Non è il primo bisticcio diplomatico in Gibuti avvenuto tra Stati Uniti e Cina. Già un anno fa gli americani si sono lamentati per un incidente capitato a due aviatori statunitensi e causato – secondo la Casa Bianca – da laser cinesi; il Dragone, d’altro canto, ha più volte accusato i vicini di praticare spionaggio. Le due basi sono molto ravvicinate ed è altissimo il rischio che una delle parti interferisca, volutamente o meno, con le operazioni dell’altra.

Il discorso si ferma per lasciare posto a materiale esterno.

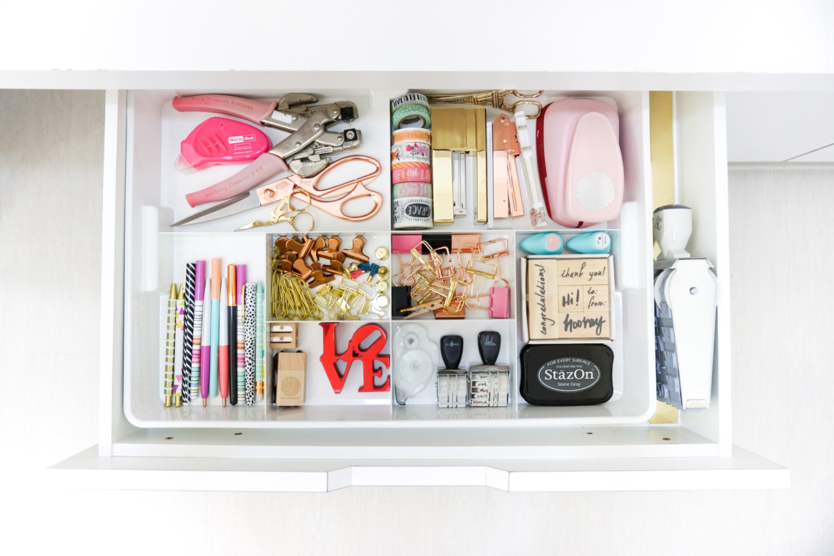 That small & large black and white checkered magnetic boxes are great to use as part of my desk display or to store pretty trinkets/embellishments or simply use it to keep ready handmade cards/tags for that special one. I also love using projects that I have created as part of my craft room decor. It sure gives the personal touch to my craft room. These desktop organizer are the best! I love arranging new scrapbook collections in them. The compartments fit many products pretty well too. Tips: I always love displaying the products on my desk so I'd use them on my projects. Having pretty little things on your desk will spark some kind of inspirations/ideas as well :)On these longer drawers, I keep most of my stationeries here and also things that I use frequently ie: photo printer, paper trimmer, journaling bible, etc. TIPS: Things that are within reach sure encourage me to use it even more. I do switch things and the products around whenever I feel I'm lack of inspiration. Sometimes just rearranging the supplies gives me the instant creativity boost!These cute little nesting containers are perfect to display little projects like cards and mini albums or even storing little embellishments. I love that my daughters and I can just pick the mini albums out and have a look again!To save space on the desk, I store this paper rack in one of the upper cabinets. What I love about the paper rack is you can pull each shelf in and out for easy access to paper. How clever! And of course with this rack, I can now arrange my papers by collections or colors :)

Dal momento che Washington e Pechino sono impegnate in un braccio di ferro all’ultimo sangue, può bastare anche la minima scintilla per provocare uno scontro a fuoco in Gibuti che potrebbe poi avere ripercussioni nel resto del mondo.

L’importanza del Gibuti

Tornando al Gibuti, per la sua posizione strategica questo Stato è fondamentale sia per penetrare in Africa, sia, soprattutto, per controllare l’accesso al Canale di Suez, ovvero la via commerciale che porta le navi cariche di merci provenienti dall’Oceano Indiano direttamente in Europa. Pechino considera il Gibuti un hub cruciale anche per quanto concerne l’influenza economica e commerciale della Cina in Africa. Qui il Dragone ha infatti investito una marea di yuan per costruire strade, ferrovie e porti: infrastrutture che contribuiscono a rafforzare il predominio del gigante asiatico nel Continente Nero. La Cina ha poi messo le mani sulle più importanti miniere della regione, ricche di terre rare e minerali; gli Stati Uniti, capendo l’importanza di avere un certo peso specifico in Africa, hanno recentemente aumentato gli investimenti in loco. Ma per adesso il gap fra Washington e Pechino rimane sbilanciato in favore del primo.